How to complete this task >> Your task is to copy the lines from the line containing "S.A.R. il Principe" through the end of the listing below, both included, without any pictures.

##### Data block #####

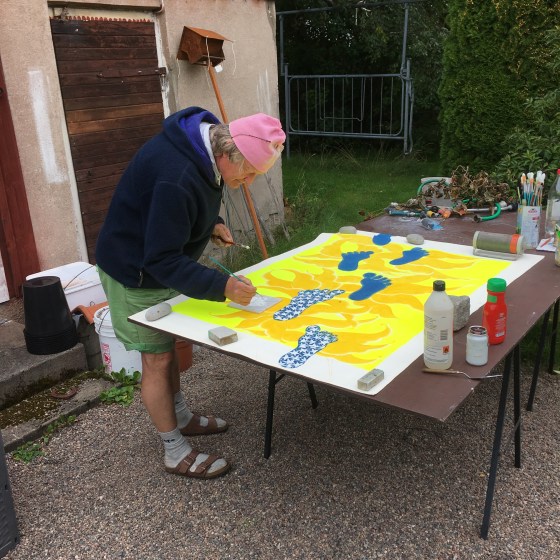 Det är Ganga o Svetlana som har arrangerat skyltfönstret. Denna gång, helt krasst, enkelt utan extra rekvisita. Förvånat mottar vi hyllningarna,- bästa skyltning. Så kan det gå, när man inte anstränger sig. Så gör vi lite extra reklam för ännu en Rurik-bonad: (fötterna) och för Gangas gouache: ”vem” med alla huvuden.
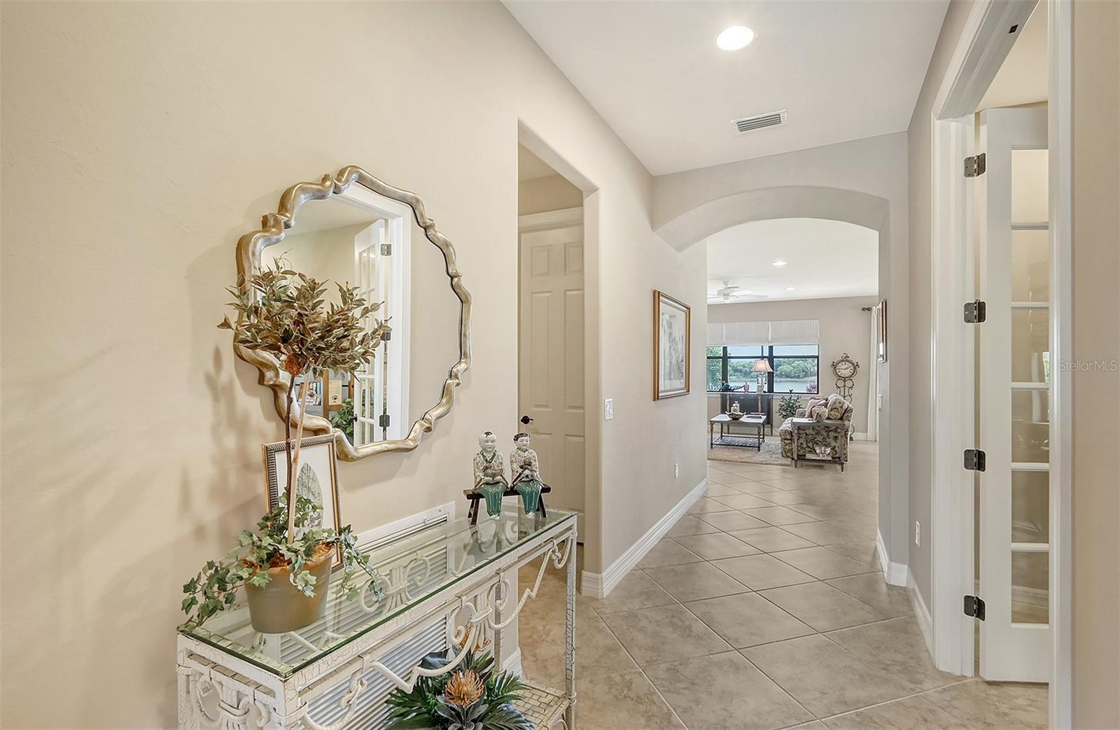 Model perfect maintenance free home with expansive water views in Sandhill Preserve. This popular Abbeyville floor plan features 2 generous bedrooms, den & 2 baths. Large neutral tiles on the diagonal throughout the entire home (no carpets). Open kitchen concept with upgraded appliances, large center island & soft close drawers. Stadium shower in master bedroom bath. 2 car garage with epoxy floors. Hurricane shutters for all openings. Sandhill Preserve is one of Palmer Ranch's newer communities with only 308 homes* The community features a community pool, jacuzzi, fitness center, pickle ball, club house, fire pit, barefoot bar area tennis & more. Located in the heart of Palmer Ranch just minutes from world famous Siesta Key beach, shopping, restaurants & Legacy bike trail*
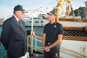 S.A.R. il Principe Carlo di Borbone delle Due Sicilie, Duca di Castro, Capo della Real Casa e Gran Maestro dell’ Ordine Costantiniano, S.A.R. la Principessa Maria Carolina di Borbone delle Due Sicilie, Duchessa di Palermo e S.A.R. la Principessa Maria Chiara di Borbone delle Due Sicilie, Duchessa di Capri, in visita sulla Nave Palinuro del Comandante Belfiore.
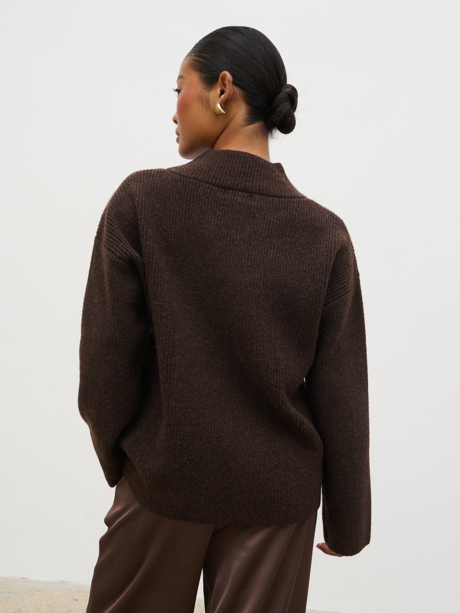 Briana Chunky V-Neck Knit Jumper - Chocolate

#####

Response to this exercise >>
 S.A.R. il Principe Carlo di Borbone delle Due Sicilie, Duca di Castro, Capo della Real Casa e Gran Maestro dell’ Ordine Costantiniano, S.A.R. la Principessa Maria Carolina di Borbone delle Due Sicilie, Duchessa di Palermo e S.A.R. la Principessa Maria Chiara di Borbone delle Due Sicilie, Duchessa di Capri, in visita sulla Nave Palinuro del Comandante Belfiore.
 Briana Chunky V-Neck Knit Jumper - Chocolate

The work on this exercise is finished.